IF 3.5 2区 生物学 Q1 MATHEMATICAL & COMPUTATIONAL BIOLOGY Pub Date : 2026-01-20 DOI: 10.1038/s41540-025-00638-3
Zhangli Yuan, Wenqian Yan, Ruoyao Wang, Shanshan Yin, Chongchen Pang, Xinyuan Ren, Wenchang Duan, Mika Torhola, Klaus Förger, Henna Kujanen, Yixin Zhang, Haoyan Chen, Hui Shi, Yuqing Lou, Hao Li, Guang He, Yi Shi

Acute myeloid leukemia (AML) is a clinically aggressive hematologic malignancy driven by complex genetic and epigenetic aberrations. Circular RNAs (circRNAs), characterized by covalently closed structures and exceptional stability, have emerged as promising diagnostic biomarkers.
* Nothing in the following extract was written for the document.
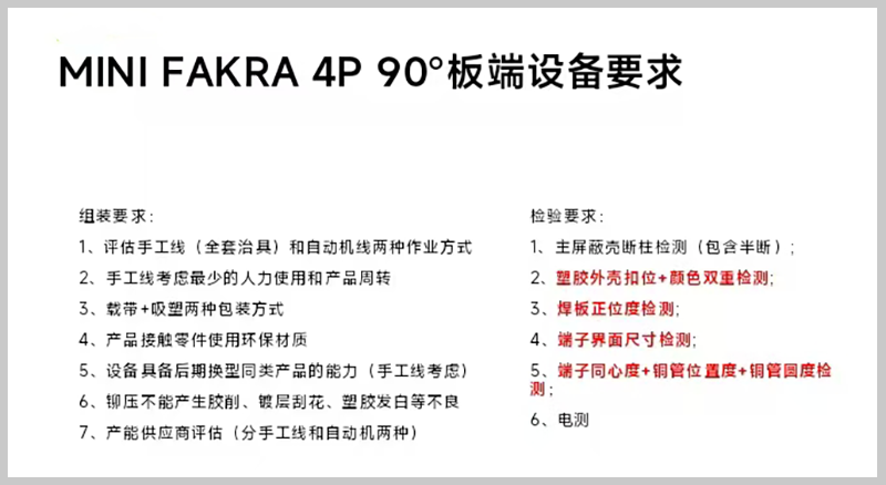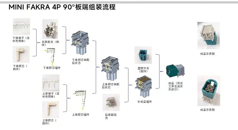 MINI FAKRA 4P 90°板端連接器自動組裝設備生產(chǎn)過程
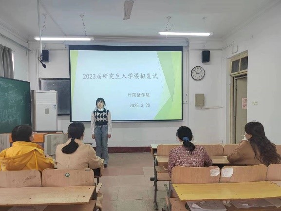 在2023年考研国家线公布之际,为了帮助考研学子们尽快熟悉复试流程,掌握复试技巧,增强复试信心,提高复试通过率,2023年3月20日,潍坊医学院AGE动漫 组织开展了研究生复试模拟活动。活动邀请了AGE动漫 英语专业第二教研室鲁晓燕老师、谭霞老师、刘娟老师和张江华老师,参与本次活动并担任评委,学院初试上线学生参加了此次模拟复试。

However, existing circRNA-based predictive models largely depend on differential expression, overlooking the potential impact of higher-order chromatin organization on circRNA formation and function. Here, we propose a machine learning framework that integrates three-dimensional (3D) genome architecture to refine circRNA selection for AML prediction. By mapping 9,565 circRNAs onto a 3D chromatin model reconstructed from Hi-C data, we analyzed their spatial clustering and biological pathway enrichment. Eighteen pathways exhibited significant 3D aggregation of circRNAs, enabling radial stratification based on nuclear localization. Five circRNA panels were designed using complementary strategies combining expression, pathway, and spatial features. Cross-validation and external validation across six machine learning algorithms showed that the panel derived from the fifth radial layer (Panel-3DG-Radius5) achieved the most robust and consistent performance (ROC-AUC > 0.99). Integrating 3D genomic context reduced feature collinearity while enhancing biological interpretability. Overall, our study establishes a 3D genome-informed paradigm for circRNA biomarker discovery, demonstrating that spatial genome organization can substantially improve the precision and robustness of AML predictive modeling.

急性髓性白血病(AML)是一种临床侵袭性血液系统恶性肿瘤,由复杂的遗传和表观遗传畸变驱动。环状rna (circRNAs)具有共价封闭结构和异常稳定性的特点,已成为有希望的诊断生物标志物。然而,现有的基于circRNA的预测模型在很大程度上依赖于差异表达,忽略了高阶染色质组织对circRNA形成和功能的潜在影响。在这里,我们提出了一个集成三维(3D)基因组结构的机器学习框架,以改进用于AML预测的circRNA选择。通过将9565个环状rna映射到基于Hi-C数据重建的三维染色质模型上,我们分析了它们的空间聚类和生物途径富集。18条通路表现出明显的环状rna三维聚集,使基于核定位的径向分层成为可能。使用结合表达、通路和空间特征的互补策略设计了五个circRNA面板。跨六种机器学习算法的交叉验证和外部验证表明,来自第5径向层的面板(panel - 3dg - radius5)获得了最稳健和一致的性能(ROC-AUC > 0.99)。整合三维基因组背景减少了特征共线性,同时增强了生物可解释性。总的来说,我们的研究为circRNA生物标志物的发现建立了一个三维基因组信息范式,表明空间基因组组织可以大大提高AML预测建模的准确性和稳健性。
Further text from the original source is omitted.